(Dataset items)
'''

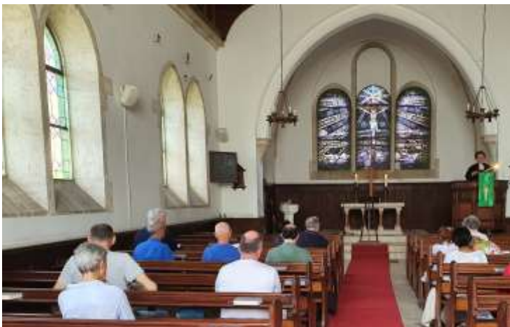
↑ Istantanee dalla nostra Chiesa
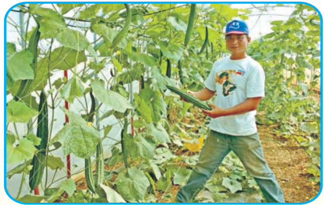
圖6. 澎湖 1 號在澎湖縣湖西鄉大城北蔬菜產銷班簡易設施內試種情形

民國98年，分別於澎湖縣湖西鄉大城北蔬菜產銷班(圖6)及白沙鄉後寮蔬菜產銷班二處，進行稜角絲瓜新品種栽培示範。結果顯示，澎湖1號具有生長勢強特性，明顯比澎湖種生長快速(圖7)、結果節位低(圖8)、早生(圖9)、節成性佳(圖10)的特性。另外，2010年國際種苗節，由技轉廠商「欣樺種苗公司」提供給大會於高雄市花卉公司農場試種。結果顯示，澎湖1號(愛稜)具有豐產(圖11)的特性。
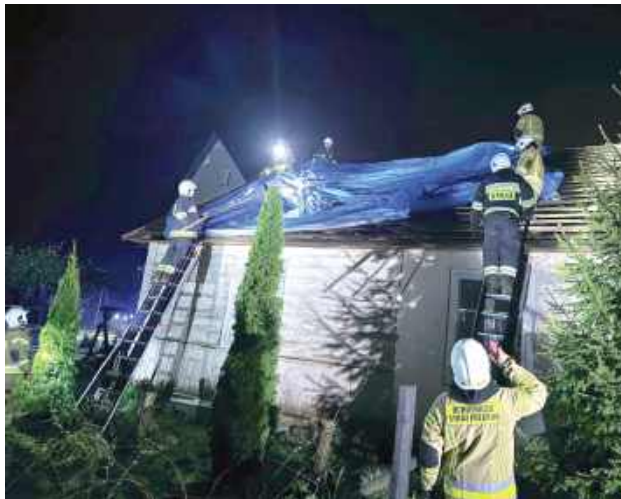
Strażacy w całym powiecie zostali postawieni na nogi. Ochotnicy z gmin, które żywioł ominął, zostali przekierowani do pomocy tam, gdzie trzeba było ratować ludzkie mienie

(16 osób) i 1 zastęp z KM PSP Lublin (2 osoby). Pozostałe 4 jednostki OSP włączone do KSRG pozostały w macierzystych jednostkach jako zabezpieczenie operacyjne własnej gminy - informuje na swoim oficjalnym profilu na Facebooku KP PSP w Puławach.
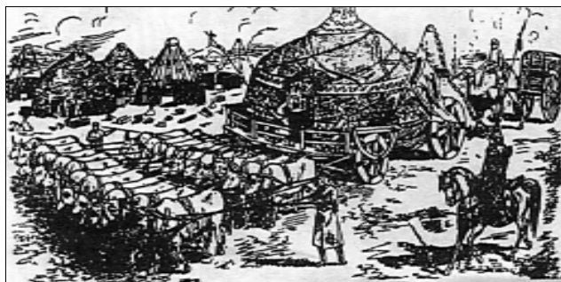
Čingis-chano pulkų stovykla. Viduramžių graviūra.

Ūkinė veikla ir prekyba Aukso Ordoje irgi buvo atitinkamai sutvarkyta. Reikiamu grūdų kiekiu apsirūpindavo patys gyventojai. Žemdirbiai vadinosi "sabanči" ("saban" – arklas), o tie, kas juos aprūpindavo žeme ir inventoriūmi – "urtakči" ("urtak" – pusiau). Ši visuomenės dalis aprūpindavo žmones
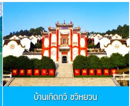
บ้านเกิดกวี ชวีหยวน
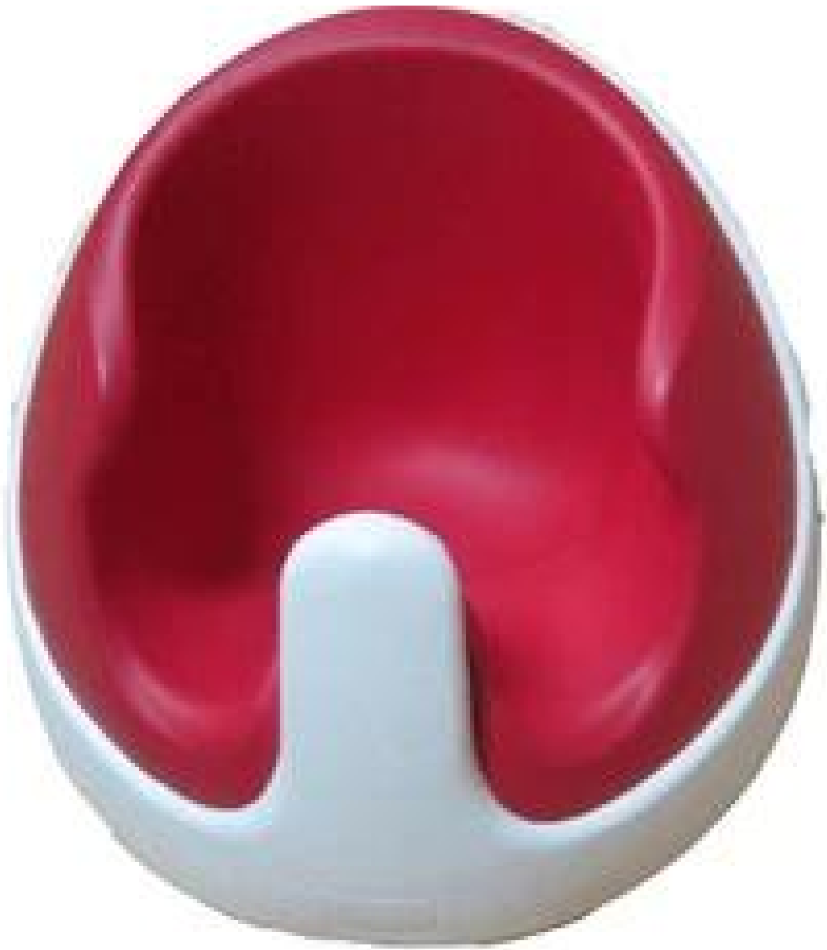
Novo produto do fabricante, cadeira elevatória portátil de poliuretano PU para bebês

'''

Task to complete:
Give back, word for word, the lines from the line that contains "บ้านเกิดกวี ชวีหยวน" through the last line of the records, with no pictures and nothing else.

Reply to the task:
บ้านเกิดกวี ชวีหยวน
Novo produto do fabricante, cadeira elevatória portátil de poliuretano PU para bebês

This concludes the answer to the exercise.